On 22 March 2016 Brussels International Airport was attacked by terrorists – and Karen was right in the thick of it. She had just arrived to catch her flight to visit family when a bomb went off. “I was suddenly knocked to the ground and engulfed in a burning wave of heat,” she recalls. Just a few meters from the bomb, she had large parts of the bomb embedded in her body, lost massive amounts of blood from her leg, and was left fighting for her life.

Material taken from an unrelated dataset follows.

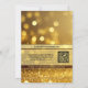 Happily ever after wedding invitation featuring sunflowers, autumn leaves and gold floral swirls on a chic black and sparkling gold striped background. On the back is a QR code template which you can easily customize or delete if you do not need it.
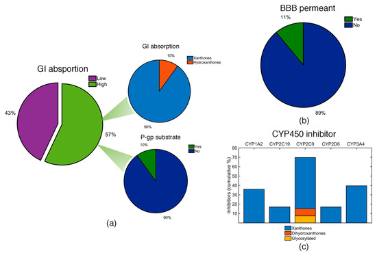 (a) GI absorption for the identified marine xanthone derivatives (left pie chart). Marine xanthone derivatives with high GI absorption were classified accordingly to its category (upper pie chart) and as P-gp substrate (lower pie chart). (b) BBB permeability of the identified xanthone derivatives. (c) Cumulative percentage of compounds identified as inhibitors of the five major isoforms of CYP450.

Islamic State terrorists claimed responsibility for the three coordinated suicide bombings that killed 32 innocent people. A further 300 were injured and many lives shattered, including Karen’s. Her heart stopped beating three times and initially doctor’s feared her chance of survival was zero. They had never seen such injuries. “I sustained severe trauma to the left hip and leg, countless infections, internal organ removal, other wounds and body disfigurements, severe burns, and irreversible hearing loss. For months I underwent sedation, intubation, hundreds of excruciatingly painful operations, experimental treatments and numerous infections.”
Time and time again she entered the operation theatre yet nobody knew if it would be the last time they saw her.
Karen Northshield prior to the terror attack.
Now, 18 months on, Karen is far from fully recovered, but her progress has exceeded expectations. Doctors credit her miraculous survival with her exceptional physical condition, and a mind of steel.
It has been an extremely hard road all the same. “Spending months in intensive care not being able to move, in constant agony, is too much suffering for one person,” she says. “Because of the severe body damage and ongoing incurable infections, I thought I would never leave the ICU.”
“As an athlete, mobility is everything, and mastering one’s body’s performance is very empowering. But with this tragedy I was totally destroyed. It has been one incredible mental battle fighting against all odds. It is all surreal.”
Still in hospital and doing daily rehabilitation, the small physical improvements are what keep her going. Karen explains while progress is slow, it is focus and perception that are the key. “I know where I’ve been, and I know that I don’t want to be there going through such pain and suffering again. My motivation is to keep pressing forward. I can either progress or regress.” With every small improvement there is hope. “I know my immediate future will be in hospital, but my longer term dream is to walk again.”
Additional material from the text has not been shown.